The Shift Toward Behavioural Security

Banks are increasingly introducing advanced fraud detection systems designed to analyse how customers interact with online banking platforms.

These systems may look at things such as:
  • Typing patterns
  • Scrolling and swiping behaviour
  • Device trust and usage patterns
  • Signs of remote access software
  • Transaction anomalies

The goal is understandable. Modern scams often involve criminals convincing customers to install remote-access software, share access, or authorise payments while under pressure. Traditional protections such as passwords, PINs, and one-time codes are no longer enough on their own.
From a cybersecurity perspective, behavioural analysis can help identify situations where something about a session appears unusual or risky.

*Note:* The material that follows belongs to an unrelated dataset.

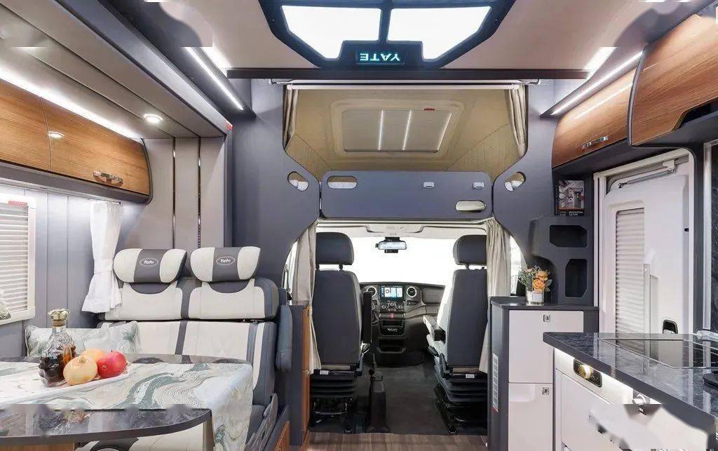 亚特尊领ST PRO双拓展房车,左、后两个拓展仓,完全拓展之后车内居住面积可以达到13.63平方米。车内灰白相间的配色设计,精致舒适的软包、环保组合家具,再搭配上房车专用环保地板革,高档的百褶布艺窗帘和床帘,变温可调式氛围灯和主照明一照,这样的旅途氛围让人感觉十分惬意。
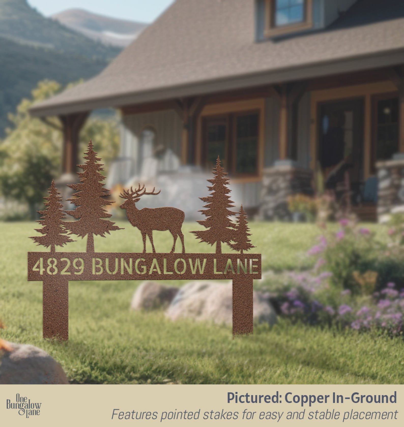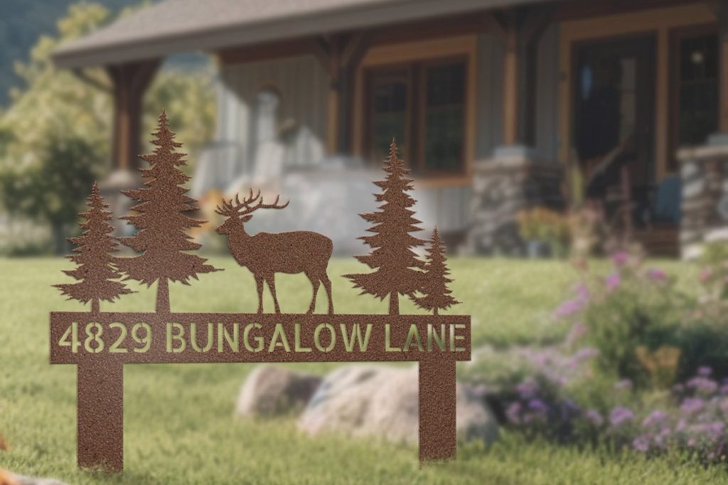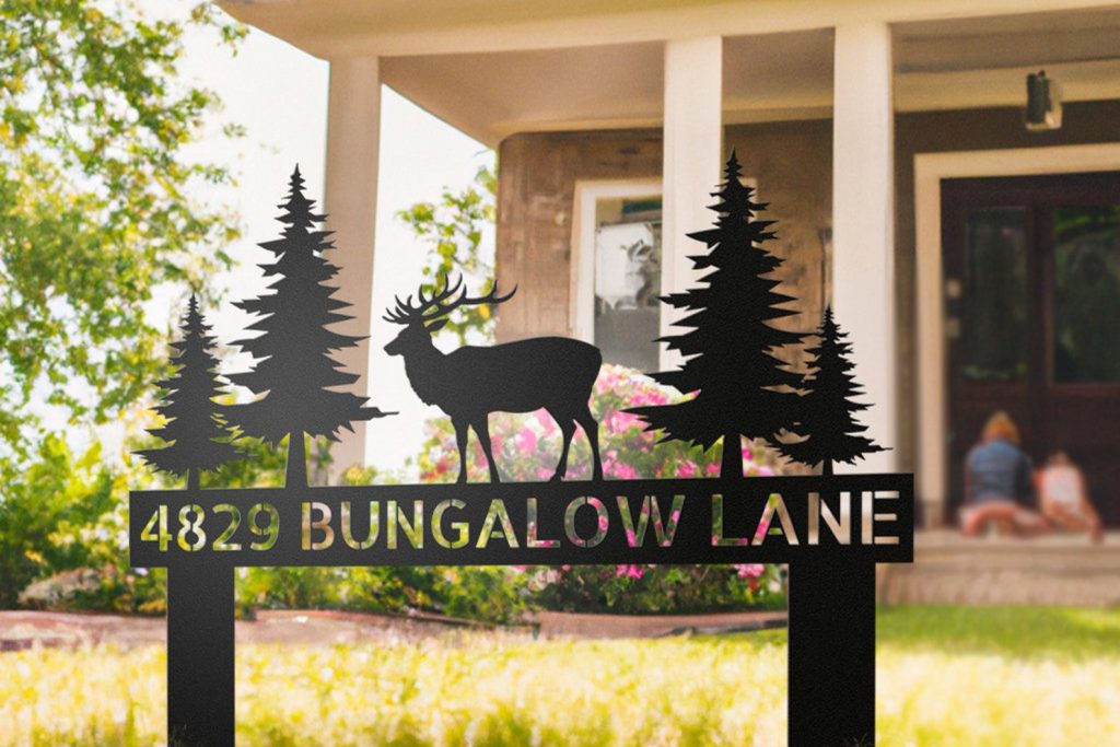 Personalized AddresstAddress Sign YardtCustom Family NametOutdoor Metal StreettStreet Number SigntFront Lawn GroundtSign with StakestCustom AirBNB DecortMountain Deer Elktrustic farmhousetStreet Name PorchtFront Door Signstdriveway rock

The Real-World Scam Problem

However, one thing that stands out from real-world remediation work is that many successful scams are not purely technical events.
They are human manipulation events.

A common pattern seen repeatedly looks something like this:
  1. A scammer phones the victim on their mobile phone.
  2. The victim is persuaded to install remote-access software or follow instructions.
  3. The victim remains on the phone while accessing internet banking
  4. The victim is coached through the transfer process.
  5. The scammer keeps the victim calm, pressured, or confused throughout the interaction.

In many cases the victim is not being “hacked” in the traditional sense. They are being manipulated.
This is an important distinction. The move toward higher numbers of social engineering scams may actually show that many current authentication systems are working. Passwords, multi-factor authentication, and device checks can make it harder for criminals to simply break into an account. So instead, scammers work around the technology by targeting the person using it.
One particularly important issue is that bank intervention calls do not always work effectively anymore. We have seen situations where a bank contacted a customer during a suspicious transaction, but the customer, while still on the phone to the scammer, repeated exactly what the scammer instructed them to say.
At that point, the challenge is no longer just authentication.
It becomes coercion, pressure, and social engineering.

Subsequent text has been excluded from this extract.